Elastic wires are mathematical curves composed of matter. They are used to model approximately one-dimensional elastic objects like plant stems, polymers, marine cables or hair. 
The elastic energy of a sufficiently smooth regular curve $\gamma\colon\mathbb{S}^1\to\RR^2$ describing an elastic wire is defined as 
\begin{align*}
    \mathcal{E}(\gamma)=\frac12\int_\gamma\vert\kappa\vert^2\mathrm{d} s.
\end{align*}
Here, $\kappa=\partial_s^2\gamma$ is the curvature of $\gamma$, $\partial_s=\vert\partial_x\gamma\vert^{-1}\partial_x$, and $\mathrm{d} s=\vert\partial_x\gamma\vert\mathrm{d} x$ is the arclength element.
In the last decades, several authors have studied the $L^2$-gradient flow of the elastic energy in different variants. We briefly summarize their results and then focus on two new variants.

First, we consider elastic wires with a heterogeneity described by a density function. We define a generalization of the elastic energy, which depends on material parameters, captures the interplay between curvature and density effects and resembles the Canham--Helfrich functional. 
Describing the closed planar curve by its inclination angle, the $L^2$-gradient flow of this energy is a nonlocal coupled parabolic system of second order.
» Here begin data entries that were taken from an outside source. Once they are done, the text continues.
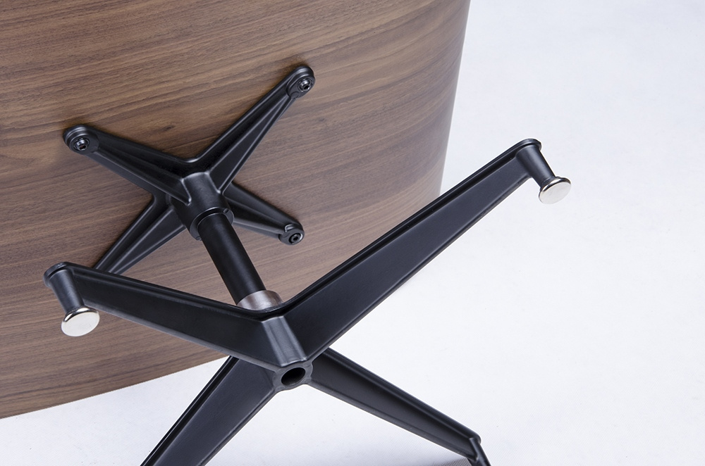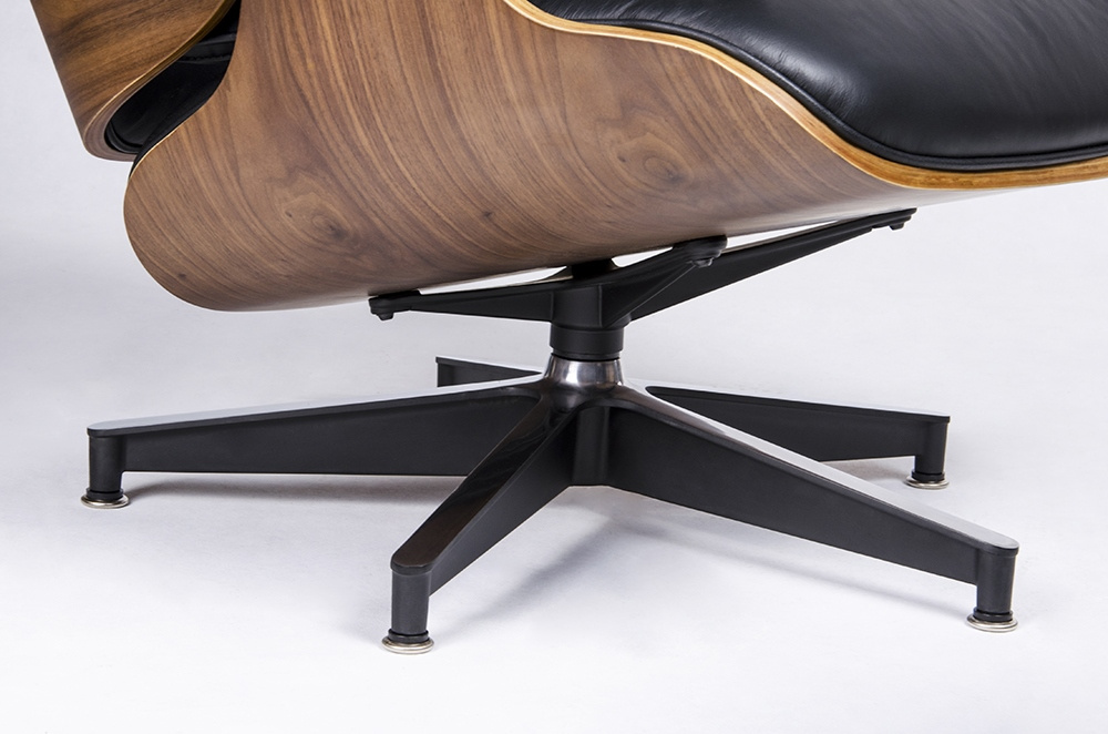 - Fotel LOUNGE HM czarny z podnóżkiem z orzechowym drewnem. Cały fotel wraz z podnóżkiem tapicerowane są naturalną włoską skórą w kolorze czarnym. Zarówno korpus fotela jak i podnóżka został wykonany z giętego na ciepło drewna w kolorze orzechowym. Podstawy
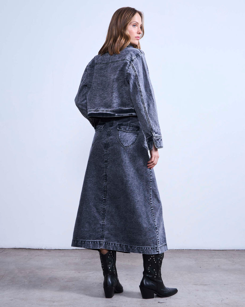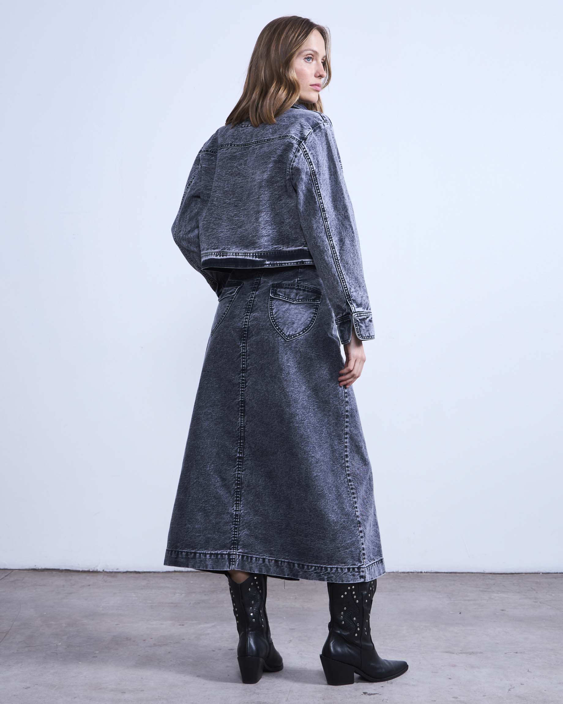 La chaqueta perfecta para completar tu look denim. Confeccionada en denim gris lavado, tiene un corte cropped y estructura relajada que aporta un aire moderno y versátil.
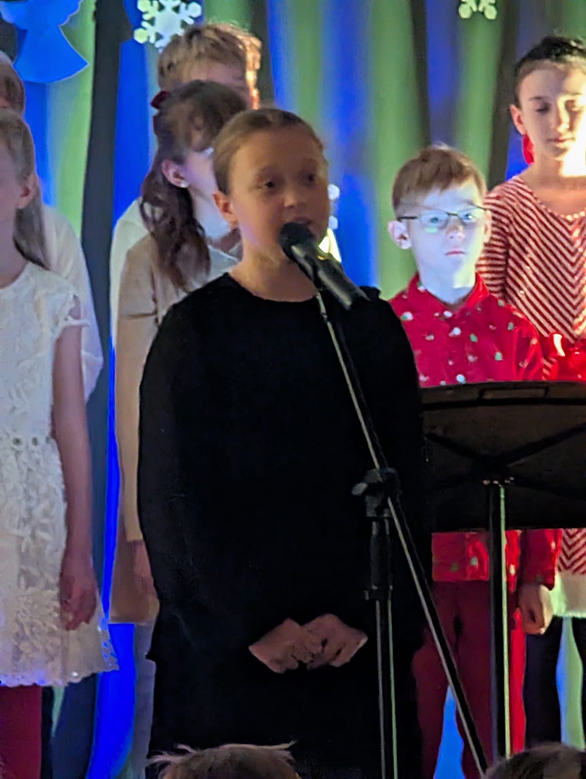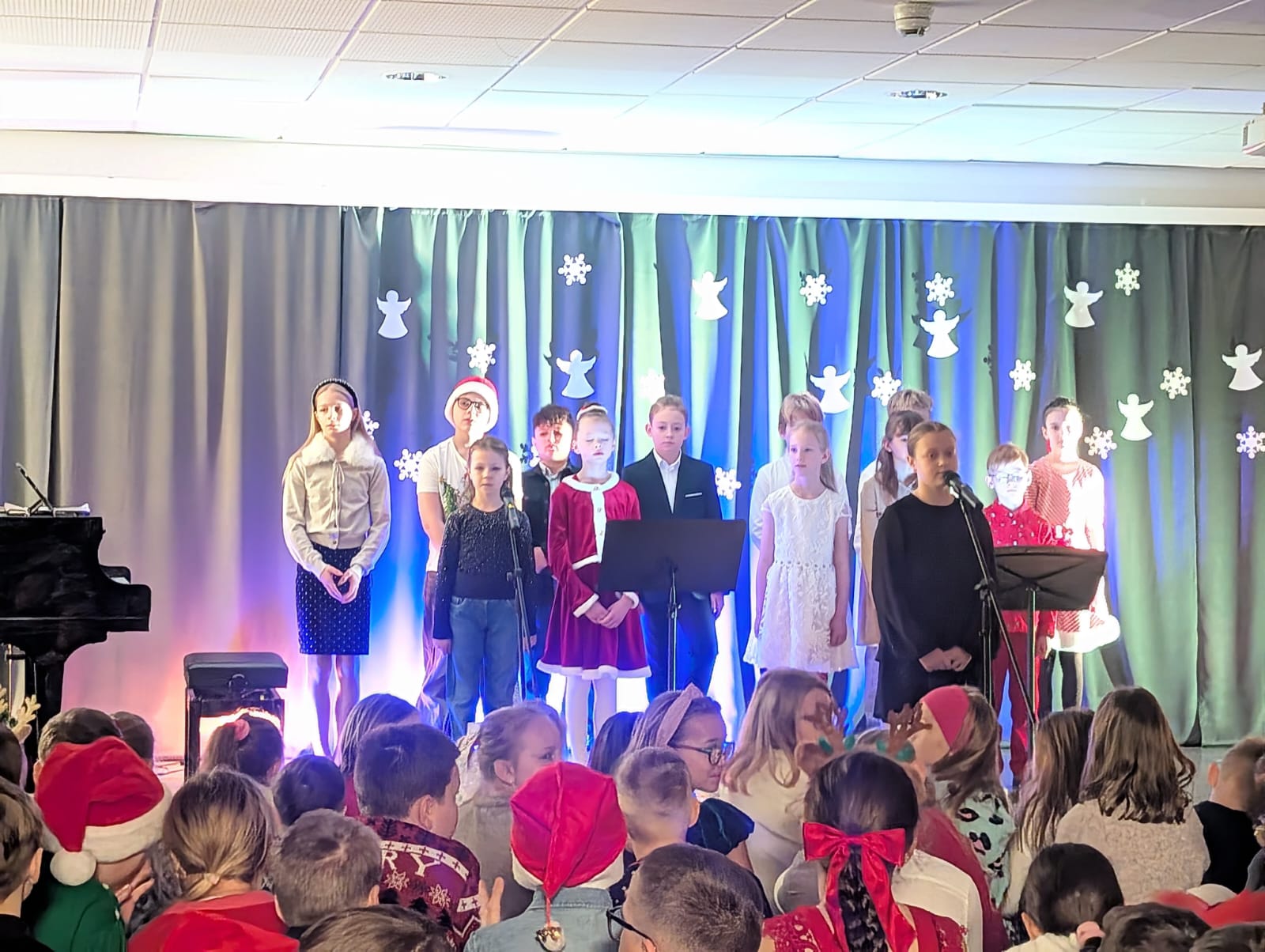 Cały chór zaśpiewał (przy akompaniamencie na fortepianie p. Magdaleny) – „Był pastuszek bosy”, a potem było „Dzisiaj w Betlejem”.

We shortly discuss local well-posedness, global existence and convergence. Then, we show that the (non)preservation of quantities such as convexity as well as the asymptotic behavior of the system depend delicately on the choice of material parameters. 

Second, we study the evolution of elastic wires under the assumption of incompressiblity and derive a gradient flow of the elastic energy which preserves the enclosed area of the evolving planar curves. Contrary to an earlier approach using Lagrange multipliers, we give priority to the locality of the evolution equation, accepting it being of sixth order. We prove a global existence result and, by penalizing the length, we show convergence to an area constrained critical point of the elastic energy.